Куда более подробное и эмоциональное описание дает В.Н.Татищев. По приведенному им "конспекту" исчезнувшей Иоакимовской летописи, русские войска в понедельник выступили и дошли до реки Сальницы, где увидели половцев "как лес". Те стали обходить русские полки, но князья не дали им завершить окружение и атаковали в прежнем (как на Дегее) порядке, причем правый фланг под командованием Мономаха вступил в бой первым. В это время с запада встала грозовая туча, и Мономах развернул строй к неприятелю так, чтобы начинающийся ливень был "с тылу полкам", а половцам в лицо. Ободрив воинов, Владимир повел их в бой.


Отметим сразу, что могла означать такая перемена фронта. Получается, что Татищев как бы противоречит сам себе. Ведь русские, предположительно, двигались теперь в обратном направлении – на северо-запад, уходя из района половецких придонских зимовий к переправе через Миус в районе совр. Матвеева Кургана или (вариант) – ниже по течению – ближе к морскому побережью, если доверять карте Кудряшова). Развернуть фронт в противоположную сторону лишь из-за того, чтобы дождь не бил в лицо (что, конечно, тоже немаловажно), можно было только в условиях уже совершившегося окружения, когда сам по себе выбор направления прорыва не имеет принципиального значения, в случае конечного успеха. Из дальнейшего описания следует, что половцы вовремя отреагировали на этот маневр, парировав его выдвижением на данное направление своих отборных сил.


Очень долго опрокинуть противника не удавалось, поскольку к половцам все время подходили подкрепления, и "русские стали ослабевать". Появились признаки упадка духа – "был страх велик". Стараясь воодушевить бойцов, князья постоянно разъезжали по рядам. Ободряя своих людей словом и делом, они, что было в обычае того времени, во главе своих телохранителей, вклинивались в неприятельские ряды и "секуще половцы", но утомление было очень велико. Чтобы переломить ситуацию, требовалось поистине титаническое сверхусилие, и эту роль вновь взял на себя Переяславский князь.

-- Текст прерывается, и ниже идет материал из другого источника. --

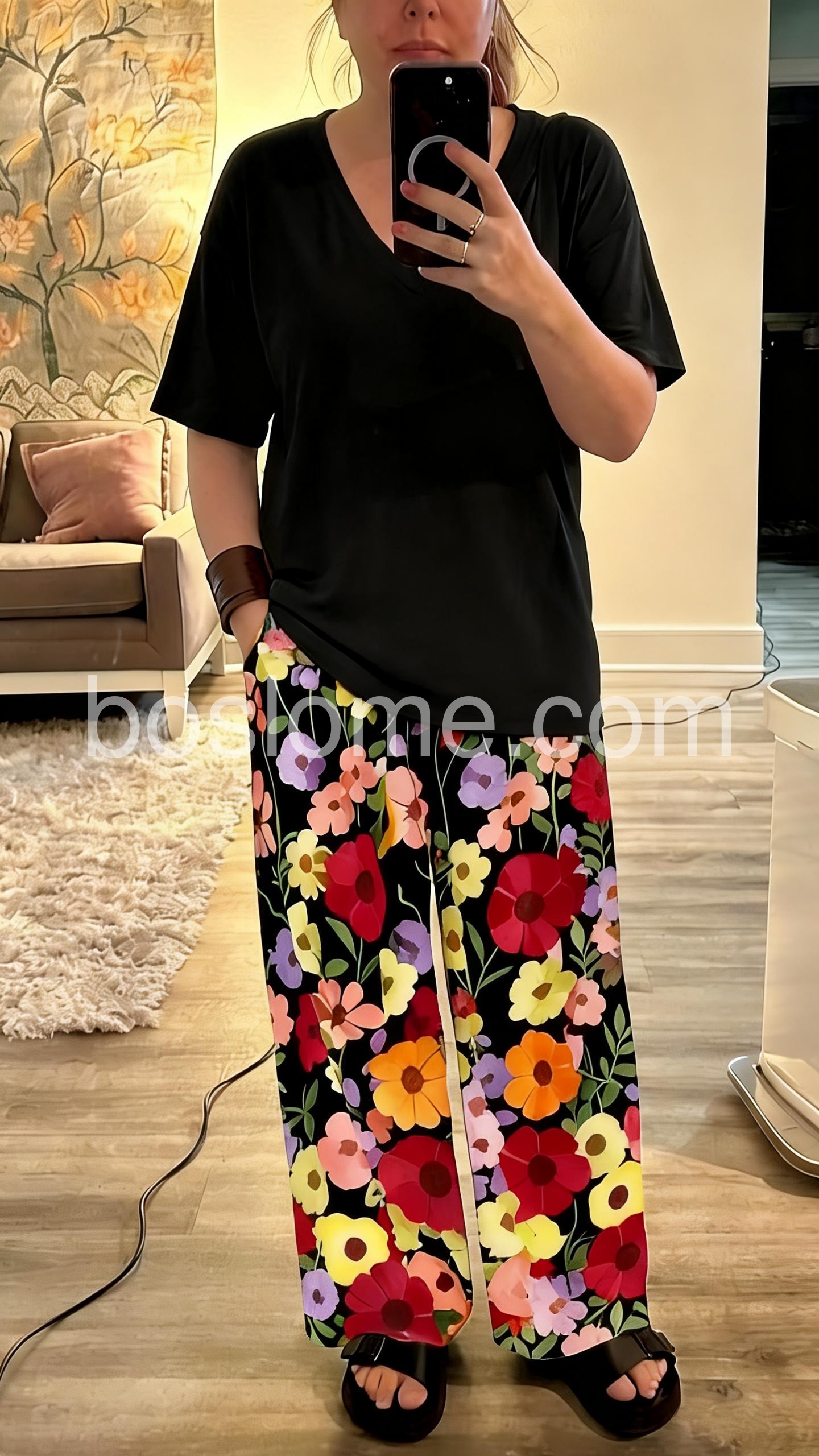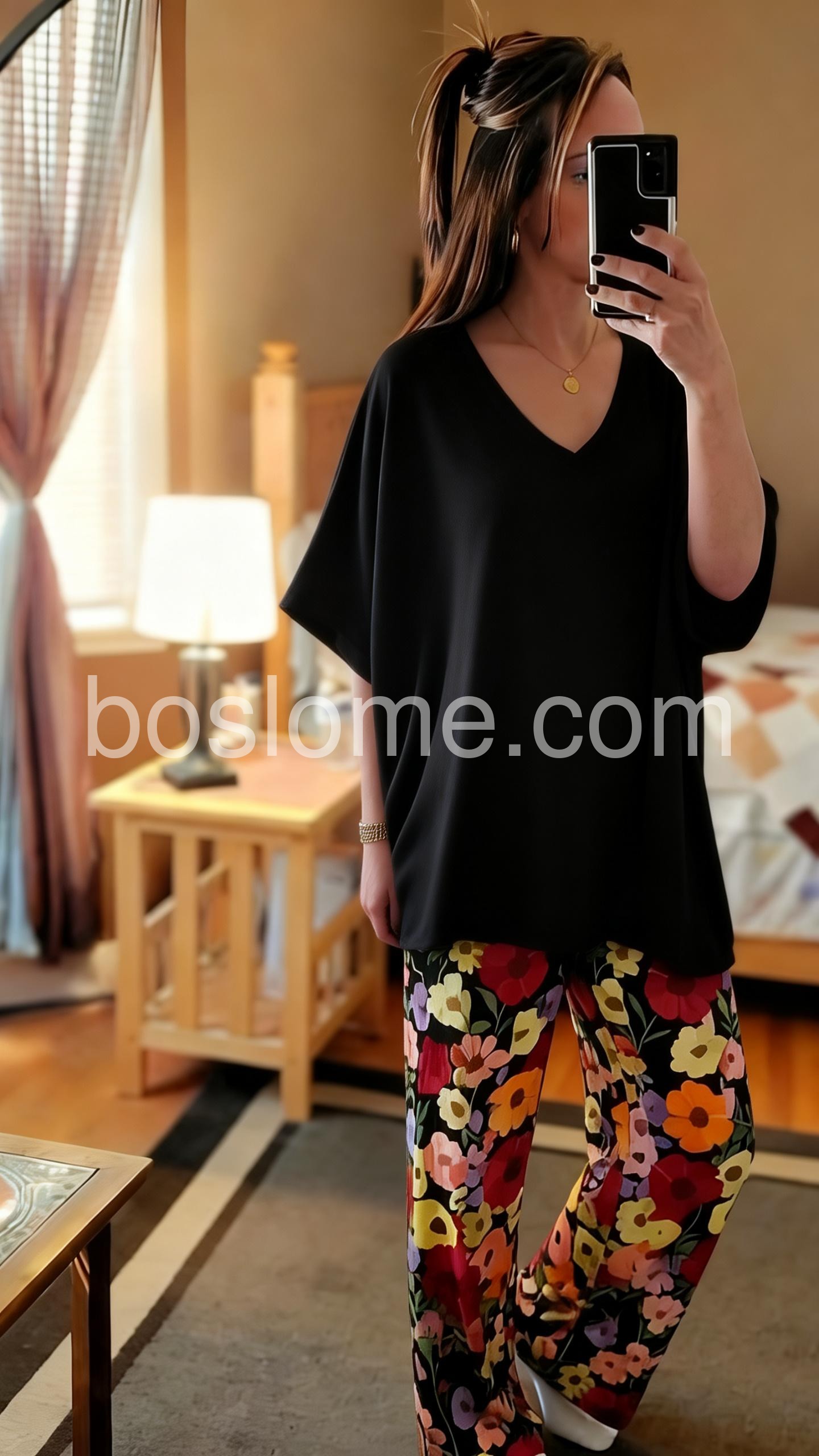 Thisย coordinated setย features a loose-fitting black V-neck top and wide-leg pants with colorful floral prints. The contrast creates a lively, eye-catching look. Lightweight fabric perfect for warm days. Ideal for casual outings or relaxed summer wear. Comfortable and effortlessly stylish.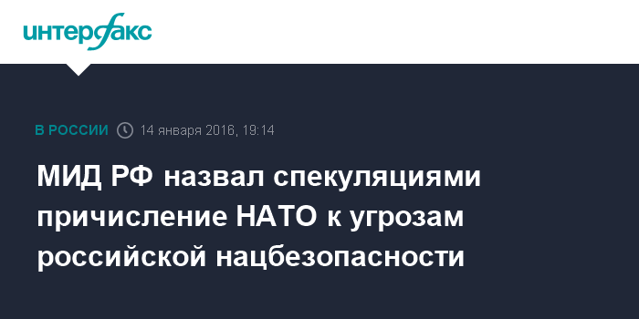 МИД РФ назвал спекуляциями причисление НАТО к угрозам российской нацбезопасности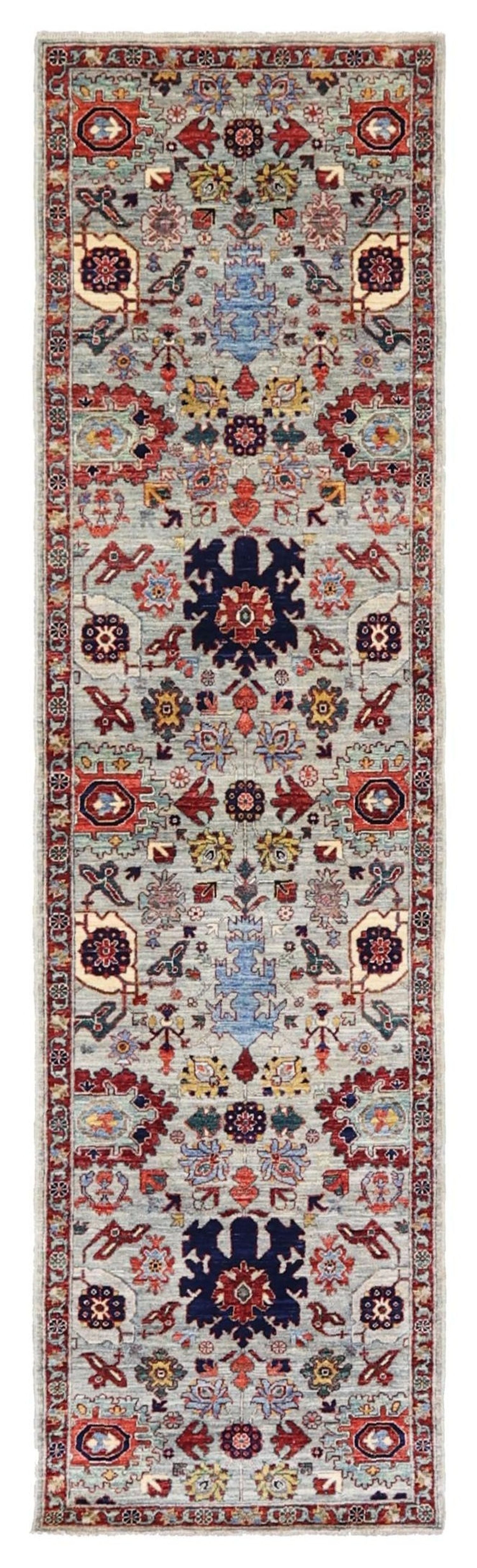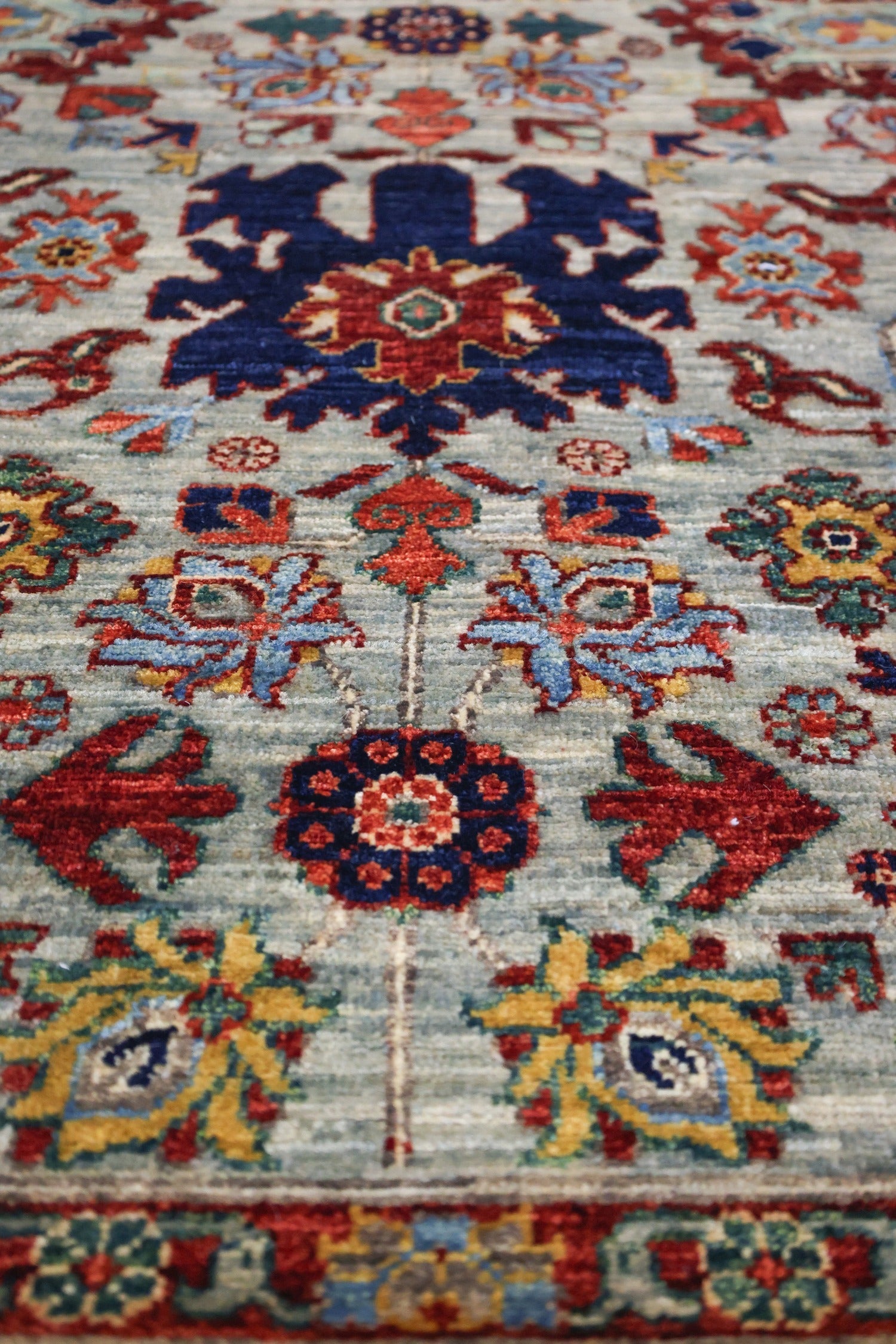 The Ghazni wool is then transported to Herat on the western side of Afghanistan for hand carding and spinning into carpet yarn. These intricate rugs are expertly woven on traditional floor looms, often within the weavers' own homes or as part of a cottage industry. Employing an asymmetrical "Persian" knot type, this rug features a robust wool pile on a cotton warp and weft, resulting in durability and longevity.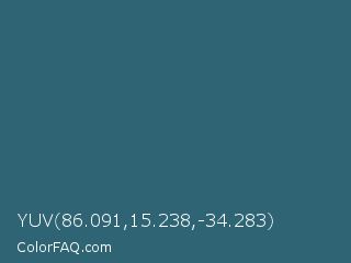 YUV 86.091,15.238,-34.283 Color is a normal blue color and the nearest color is Casal #2f6168. Hex code #2f6475 and RGB value is rgb(47,100,117). In RGB color space, this color is composed of 18% red, 39% green, 46% blue, In CMYK color space, this color is composed of 60% cyan, 15% magenta, 0% yellow , 54% black , In HSL color space, this color has a hue angle of 195° , 43% saturation and 32% lightness.

Владимир, увидев Святополковы войска "уже мятусчеся, бояся, зане паче ослабеют, взяв сынов своих и неколико от своих войск, въехал в середину половцев перед полками Святополчими, возопя: "Кто Бог Велий, яко Бог наш?! Поруча прежде свои полки Ярополку, сам жестоко начал противных избивать, что видя протчие Святополковы и его полку все бросились за ним…" [16]. Одновременного натиска всех русских сил половцы не выдержали и побежали. По словам Татищева, кочевников убито было 10 тысяч, а несколько тысяч их было захвачено в плен и приведено на Русь.


Из этих описаний вырисовывается следующая картина. Когда русское войско, развернувшееся для битвы, достигло места, где половцы собирались дать ему бой, те атаковали с необычайной для них решимостью, без предварительной перестрелки. В дело сразу же были введены тяжелые копейщики. Обе стороны были настроены решительно, и в результате фронтального столкновения огромных плотных лавин (что, по словам старых кавалеристов, случай редкий во все века), закованных в броню всадников, треск сотен одновременно ломающихся копий был подобен удару громового разряда.


Чрезвычайно ожесточенная сеча длительное время шла без ощутимого перевеса той или иной стороны. Ряды сражающихся сходились и расходились для новых и новых "суимов" (термин позднейший – авт.), но напрасно. Тяжелая половецкая конница едва ли значительно уступала русской в качестве вооружения, а слабость своего конского состава, еще не восстановившего силы после зимовки на открытых пастбищах, кочевники компенсировали своим гигантским численным превосходством. Весы колебались, и тогда Владимир Всеволодович, улучив момент, когда половцы на какое то время отхлынули от русского строя, повел свои полки в решительную атаку, поддержанную остальными полками.


Это определило успех битвы. Половцы, по своему обыкновению, будучи раз опрокинуты, стремились теперь рассеяться по степи, и русские, перейдя на преследование, взяли много разнообразных трофеев, а также всякого скота и коней. Были захвачены и пленные, которые поведали о виденном ими чуде, повлиявшем на стойкость неприятеля. Они, по их словам, бежали от того, что поверх атакующих русских увидели помогающих им страшных всадников в блистающих доспехах.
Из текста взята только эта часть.